Information provided:
■ ■ ■ ■ ■

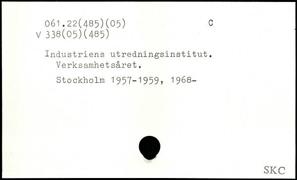Industriens utredningsinstitut. Verksamhetsåret.
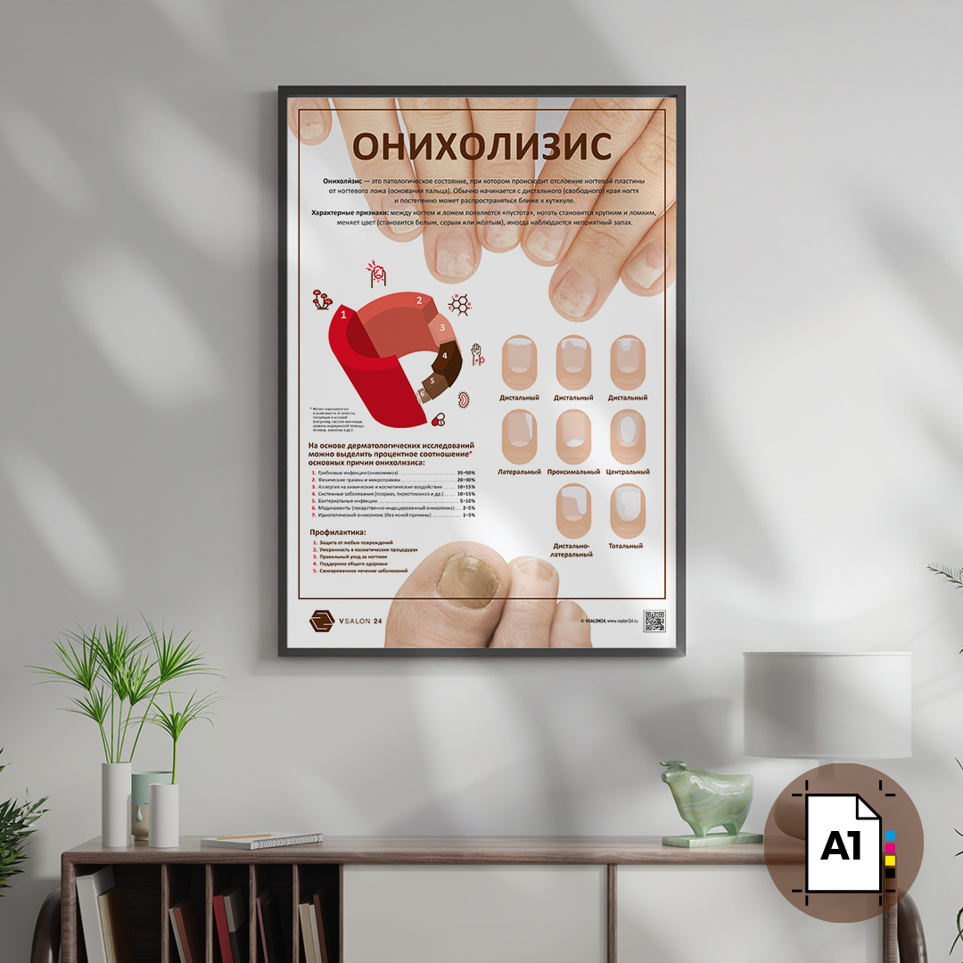 Оформите свой кабинет или учебное пространство с помощью плаката "Онихолизис" от VSALON24 и обеспечьте себе доступ к актуальным знаниям в любое время!
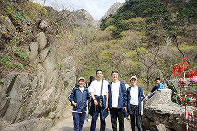 泰山,五岳之首,融雄伟壮丽的自然风光与悠久灿烂的历史文化于一体,自古就有神山、圣山、岱宗、“五岳独尊”之称誉,是四海一统,国泰民安的象征。清晨的泰安城天气晴朗,温度适宜,大家迎着朝阳向着泰山出发。抵达泰山中天门后,HSE管理部副总监高友进行活动安全宣讲,随后大家在马董的引领下开始登山。

■ ■ ■ ■ ■

What is needed:
Each line from the one that holds "Оформите свой кабинет" through the end of the material should be repeated exactly, and nothing more. Leave out any picture.

Finished exercise:
 Оформите свой кабинет или учебное пространство с помощью плаката "Онихолизис" от VSALON24 и обеспечьте себе доступ к актуальным знаниям в любое время!
 泰山,五岳之首,融雄伟壮丽的自然风光与悠久灿烂的历史文化于一体,自古就有神山、圣山、岱宗、“五岳独尊”之称誉,是四海一统,国泰民安的象征。清晨的泰安城天气晴朗,温度适宜,大家迎着朝阳向着泰山出发。抵达泰山中天门后,HSE管理部副总监高友进行活动安全宣讲,随后大家在马董的引领下开始登山。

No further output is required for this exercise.